Sunday, November 21, 2010


It's time for a Sunday Favorite! You can join in on the fun, too. Chari, over at Happy To Design, is our hostess, and you can find her very simple rules by clicking on the button in my left sidebar. Got a favorite entry? Re-post it, and drop the link with Chari! I'm doing a bit of a montage here. The picture above is one my daughter Sarah did some years back, and I loved. I'd still like to see it as a t-shirt.... And then there's this entry, not a favorite for happy reasons, but because it's important. We need to protect our children, and this is an easy rule for them to follow with strangers.

From July of 2002, an entry detailing a conversation with my nanny charge, CJ: I was fixing little CJ's breakfast yesterday morning when he walked into the kitchen.

"Ani," he said, "Did you hear about that little girl who was only five years old and she was playing at her house with her friend and a man told them his puppy was crying and to come with him and help and maybe they could have it?"

"No, I didn't," I said, with a sinking feeling. "What happened?"

"One little girl was kinda smart and she stepped back a few steps," he said, "but the other little girl was kinda not so smart, and the man grabbed her, and he took her and he killed her. And now they found her body."

Jeez. Why? Why?! Why would someone do that? And why should a six-year-old ever have to know they did? But if he doesn't know, then he's in danger himself.

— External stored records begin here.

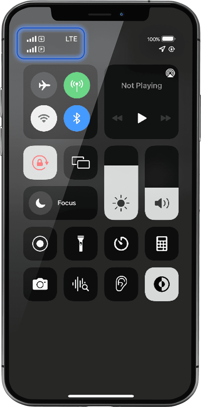 NB: the double network only appears if you have also a physical SIM card/eSIM profile for voice & SMS installed on your device. If there is no physical SIM card installed, only the stepped bars network will be displayed.
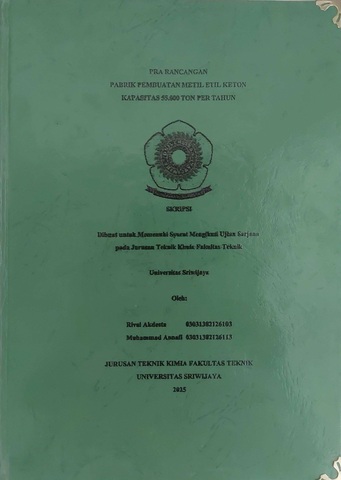 AKDESTA, RIVAL and ANNAFI, MUHAMMAD and Putri, Rizka Wulandari (2025) PRA RANCANGAN PABRIK PEMBUATAN METIL ETIL KETON KAPASITAS 55000 TON PER TAHUN. Undergraduate thesis, Sriwijaya University.
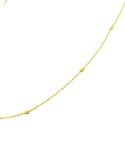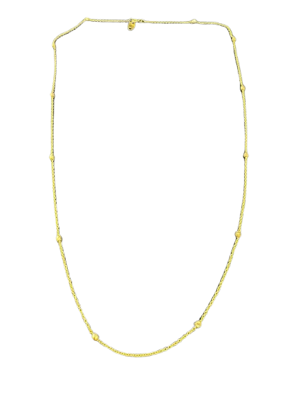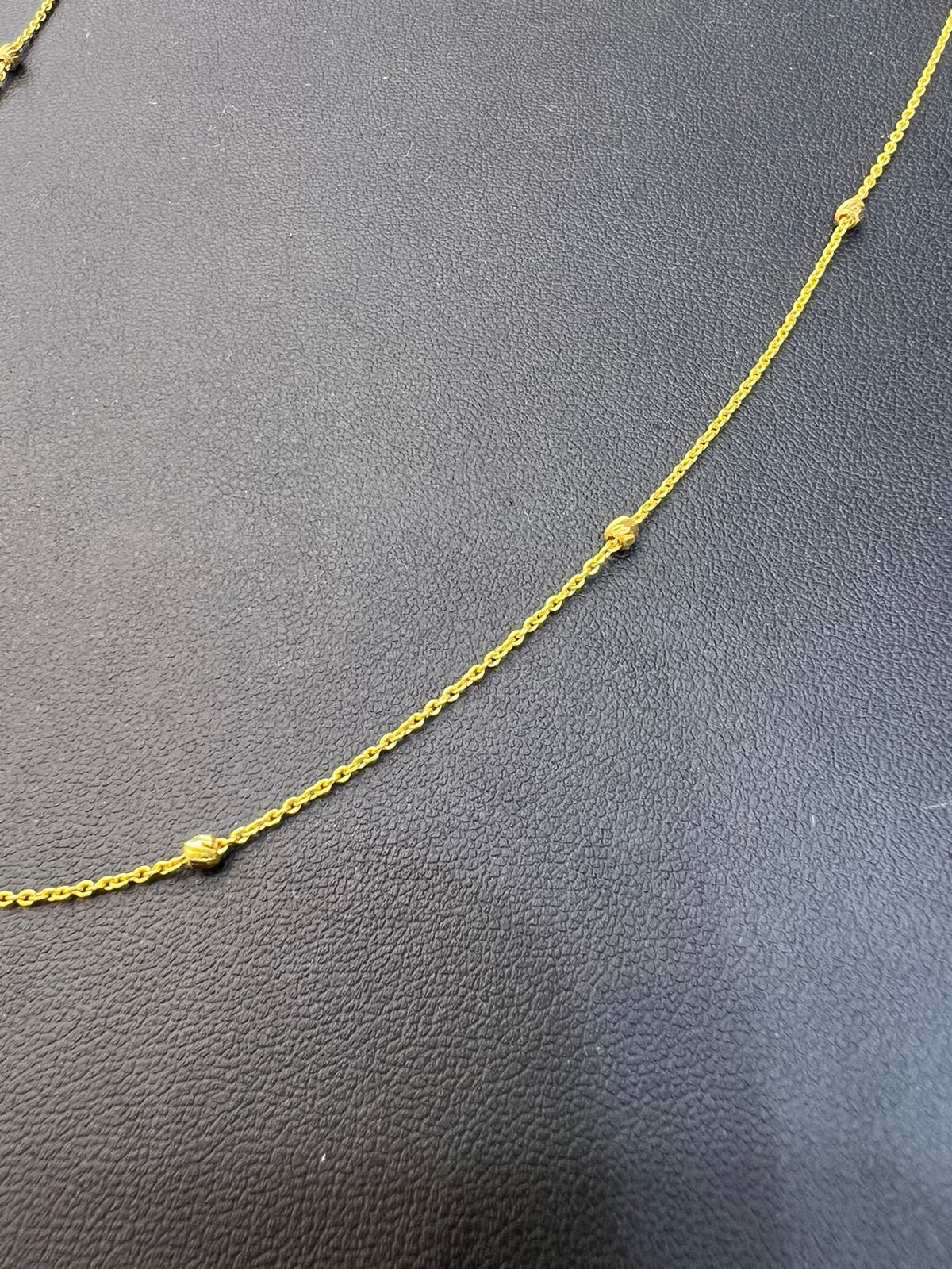 This Tiny Bead Chain weighs 2.9 grams, making it a lightweight and delicate option. Its small beads add a subtle touch of elegance to any outfit. Crafted from high-quality materials, this chain is durable and perfect for everyday wear. Upgrade your jewelry collection with this versatile and stylish piece.
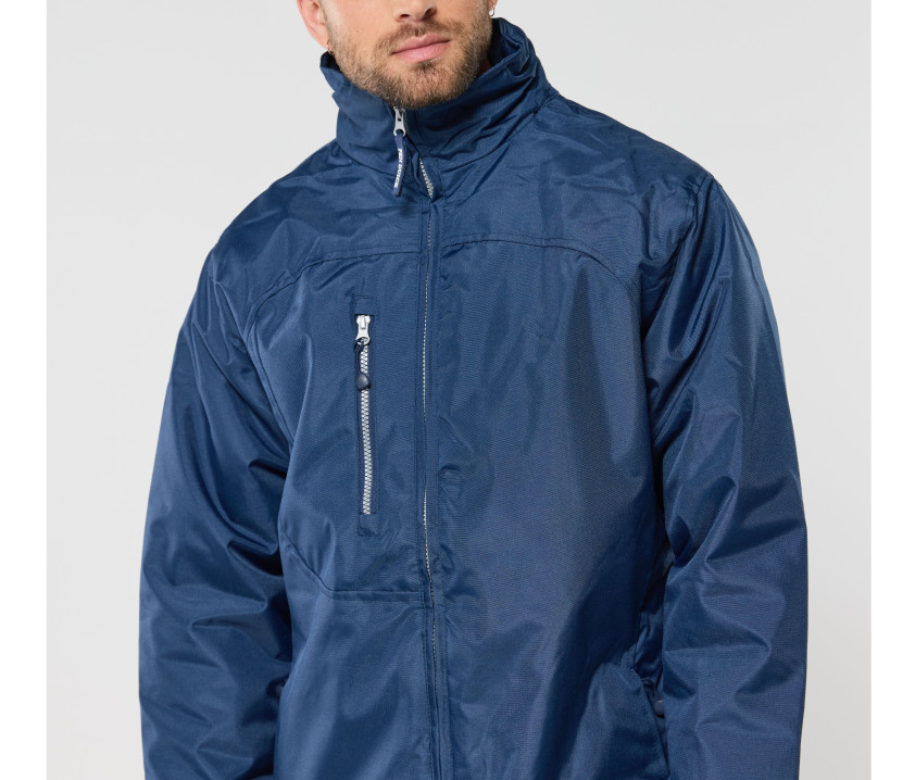 Coupe-vent et imperméable 1000mm. Capuche dans le col, ajustable par stopper. Poignets ajustables. Coupe ajustée. Poche intérieure zippée. 2 poches latérales zippées. Poche poitrine zippée. Languette Pen Duick détachable sur fermeture Éclair® principale. Accès personnalisation.

I was so saddened, it took me a minute to say much that was helpful, but I suddenly remembered a 60 Minutes segment on the subject.

"CJ," I asked, "What should you do if a grown-up you don't know asks you for help? Say, his dog is lost or sick? Or he can't find his daughter? What should you do?"

He thought. "Say 'no'," he said, and then, "Step back."

"No, CJ," I said. "RUN!! Run as fast as you can to your grown-up--to Mom, or Dad, or your teacher, or me. Run! Do you know why?"

"Yes. Actually,no." he said. (He and his sister are both so cute that way. They want so badly to be able to say they understand or know everything, but then they back off that yes answer. Every time.)

I answered my question for him. "Because grown-ups don't ask kids for help. Not kids they don't know. Never. When a grown-up needs help he asks another grown-up. They don't ask kids."

He was listening, paying close attention. "So, if a grown-up you don't know asks for help, what do you do?"

"Run," he said, "and go tell my mom or my teacher."

"How fast?" I said, and at his perplexed look, I answered the question for him again. "Very fast. Because grown-ups never ask kids for help. If they do, there's something wrong. Run and find your grown-up as fast as you can."

I repeated this to his older (almost 8) sister when I picked her up from her Reading Evaluation.

Please, people. If you have children, tell them this! Little kids want so badly to please, and they're trained to obey. They love to help, and learning when not to can save their lives. Let's not lose any more of our precious little ones. No more.


Chari at Happy To Design said...

Hi Anitra...

My friend, it just breaks my heart that we have to have these type of conversations with our children...but as you said, we must...for their safety!

On a happier note...I really do like that beautiful picture created by your daughter! WOULD make a fabulous T-shirt!!! Thanks so much for sharing this post with us for Sunday Favorites this week, Anitra!

Warmest wishes to you and your family for a Happy Thanksgiving!

Chari @Happy To Design

Splendid Little Stars said...

so important. bears repeating. sad to have have to tell such innocents.
My friend has a child whom she was trying to educate at age 3 about this very subject. The little girl said she would definitely not go with someone looking for a lost puppy. But when it came to candy that was another matter. No amount of convincing worked. I am happy to report that this child is now an adult. We are all relieved.

Yes, that design would look great on a T shirt!